EXERCISE PROMPT: Exact copy, pictures excluded: output the lines from the opening of the entries through the line bearing "dots surrounding it.".

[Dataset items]
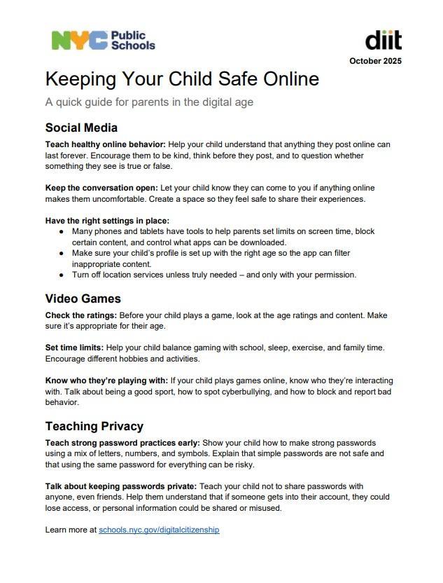 Keeping Your Child Safe Online Please see attached flyer for tips on helping your child stay safe online.
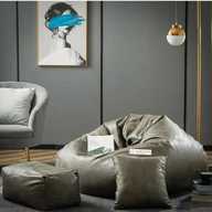 GIGLICK 4XL Premium Imported Soft Vegan Leather Bean Bag with Rectangular Footrest & Cushion Bean Bag Chair With Bean Filling (Yellow)
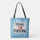 "Bring The Popcorn" is a cute text design in light blue with black and red text, along with a white accent shape and white textured whimsical dots surrounding it.
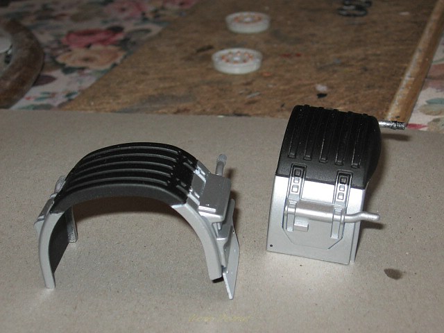 Also als Grundierung und Farbe verwendete ich die von Revell Email, diese kleinen Döschen, zum verdünnen nehme ich handelsübliche universal Verdünnung die verträgt sich mit den meisten Farben. Als Mischverhältnis kann ich nur soviel sagen so ca. 1:1 aber da die Farben zum teil unterschiedlich dick sind kann es schon mal mehr oder weniger sein, ich mache es mehr nach dem gefühl. Ich arbeite mit ca. 1 bis 1,5 bar und als düse kann ich beim Silber nichts sagen da ich es mit dem Revel Starter Kit lackiert diese Billigteil, und bei Rot 0.5. Da hatte ich aber eine Double Action Gun da die ein feineres Sprühbild gibt. Ansonsten kann ich dir nur noch den Tip geben bevor du die 2 Farbe sprühst lackier nochmal vorsichtig mit der Grundfarbe über die stellen die dann andersfarbig werden sollen, damit entgehst du der Gefahr das die andere Farbe unter das Abgeklebte läuft.
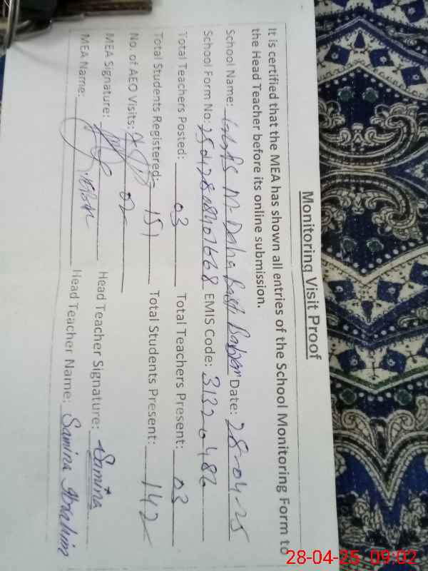 | EMIS Code: 31320486 | Name of School: GGPS MUHAMMAD DAHA BASTI BABRAN | |||
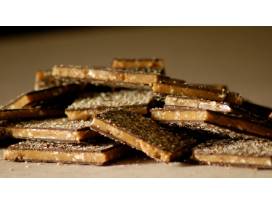 Chapel Hill Toffee begins with a layer of traditional English toffee spread thin and cut by hand into bite sized squares. Each piece is coated on both sides with a top-secret blend of dark chocolates. The smooth layers are finished off with the sprinkling of pecans that gives Chapel Hill Toffee its iconic look and distinctive southern twist!
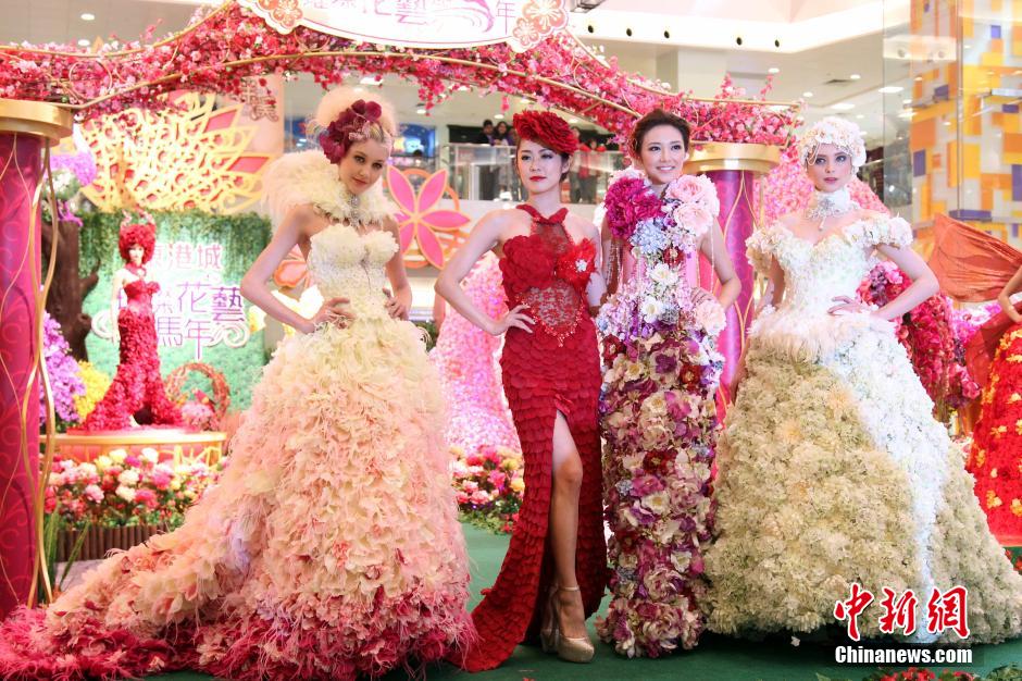 1月12日,香港东港城精心打造的“璀璨花艺迎马年”揭幕,以逾八万朵新鲜兰花及手工艺丝花精心布置的新春御花园,与市民共迎农历新年。当天,城中名模松岗李娜、倪晨曦等登场,演绎泰国花艺大师Pitag Hangsajara的花艺时装作品。中新社发 洪少葵 摄

RESULT OF THIS TASK:
 Keeping Your Child Safe Online Please see attached flyer for tips on helping your child stay safe online.
 GIGLICK 4XL Premium Imported Soft Vegan Leather Bean Bag with Rectangular Footrest & Cushion Bean Bag Chair With Bean Filling (Yellow)
 "Bring The Popcorn" is a cute text design in light blue with black and red text, along with a white accent shape and white textured whimsical dots surrounding it.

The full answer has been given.